Does a high RPKM value always report that the transcript is significant? How far is it reliable? If so, what could be an optimal RPKM value to pin point if a transcript is significant or not?
Are there any other parameters to reduce number of contigs from the denovo assembly and concentrate on only significant transcripts.
What my lab does is we throw in ERCC spike-ins into the samples. They are poly-A sequences of known concentration. So you can look at them and if, say, samples with an RPKM of 2-10 are still behaving linearly, then it's probably safe to say that real transcripts with RPKMs that low are behaving linearly.
In my lab, with the experiments we run, and the purposes of those experiments, we've been setting a, loose cut-off at .5 RPKM, or 1, to be more stringent. But I wouldn't count on that value being necessarily applicable to your lab, or your experiments.
It really depends what you mean by significant? Reading between the lines, it seems as though you want to try to separate 'real' contigs from assembly artefacts. If that's the case, you should think carefully before discarding transcripts with a low RPKM.
There is no minimum - a contig representing a real transcript can have very low numbers of reads mapping to it, and have an extremely low RPKM. Equally, a high RPKM doesn't guarantee that the contig represents a real transcript. We often see chimeric contigs - where fragments from two or more different transcripts have been assembled into one contig. These chimeras often have high RPKM values, even though they are artefacts.
So, the answer to your question 1 is no, high RPKM does not mean you can be confident in the transcript - it isn't reliable. Thus there is no appropriate RPKM to making such a decision.
As for question 2, it really depends what you want to do with your assembled transcripts. Are you performing differential expression? Motif discovery? Are you interested in a particular set of genes?
@Richard: Understood thank you. For the question 2, Yes i just wanted to focus on only a set of sequences which are reliable for further downstream analysis like differential expression analysis. My assembly seem to be fragmented alot resulting ~100's of thousands of contigs.

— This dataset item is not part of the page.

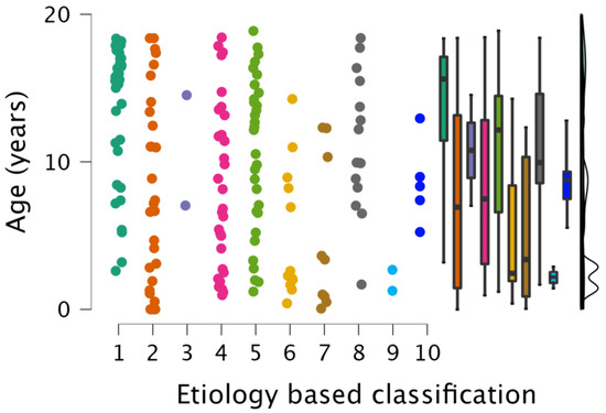 Statistical analysis was performed using JASP (Version 0.16.3) [16], an open-source statistics program, and BiAS, a commercial statistics program (Version 11.12, © 1989–2021, epsilon-Verlag, Frankfurt, Germany). The Kolmogorov–Smirnov Test [17] was used to determine whether the sample data were normally distributed. Since the sample data were not normally distributed, the Kruskal–Wallis test [17], a rank-based nonparametric test, was used to determine if there were statistically significant differences with regard to age and gender distribution between etiological groups 1–10. The null hypothesis was that there was no difference between etiological groups with regard to age and gender distribution. Since the Kruskal–Wallis null hypothesis was rejected with regard to age distribution, the Dunn’s test for stochastic dominance [18] was used to report the results among multiple pairwise comparisons. p-values were adjusted for multiple comparisons using the Holm–Bonferroni method. A p-value < 0.05 was considered to be statistically significant.
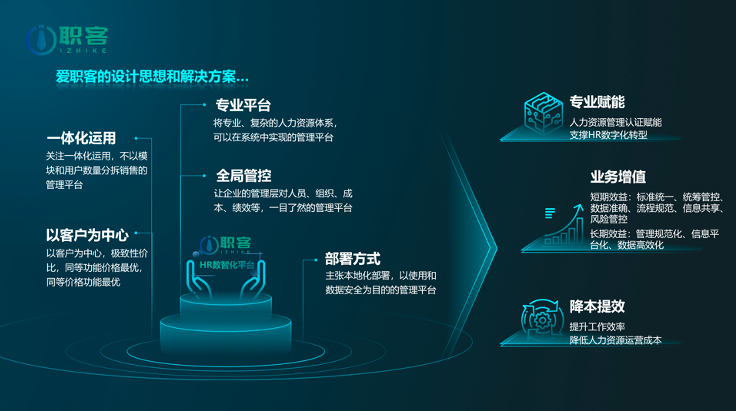 在系統(tǒng)推進實施的過程中,中科芯認識到:作為一家多地運營的準集團型公司,人力資源管理體系的落地,離不開數(shù)字化平臺的承載與支撐,因此,在人力資源系統(tǒng)設計的同時,公司即著手人力資源數(shù)字化平臺的選型工作,經(jīng)過反復比選國內(nèi)多家廠商和產(chǎn)品,最終選定漢哲數(shù)科“i職客”人才數(shù)字化平臺作為合作伙伴。

Could it be safe to trace a diagram of all RPKM values (should give a normal distribution), and then say that +/-1 sigma are "average/moderately" expressed genes, up of that are highly expressed genes and down are low expressed genes. Overall, you'll have 68.2% of average expression, and 15.9% of low and 15.9% of highly expressed genes. Not really an experimental evidence (although you derive those from your data), but basically logical assumption. I doubt that throwing polyA in your RNA-seq library will give a better conclusion since those will never behave like mRNAs with all their respective complexity.
Honestly, yes. I don't know if others can confirms this, but I see it in my data. Of course, you have to log transform RPKM values otherwise the dispersion is enormous due to the extreme values. I've seen it also in at least one recent paper, but I just can't find the ref right now.
@Richard: Understood thank you. For the question 2, Yes i just wanted to focus on only a set of sequences which are reliable for further downstream analysis like differential expression analysis. My assembly seem to be fragmented alot resulting ~100's of thousands of contigs.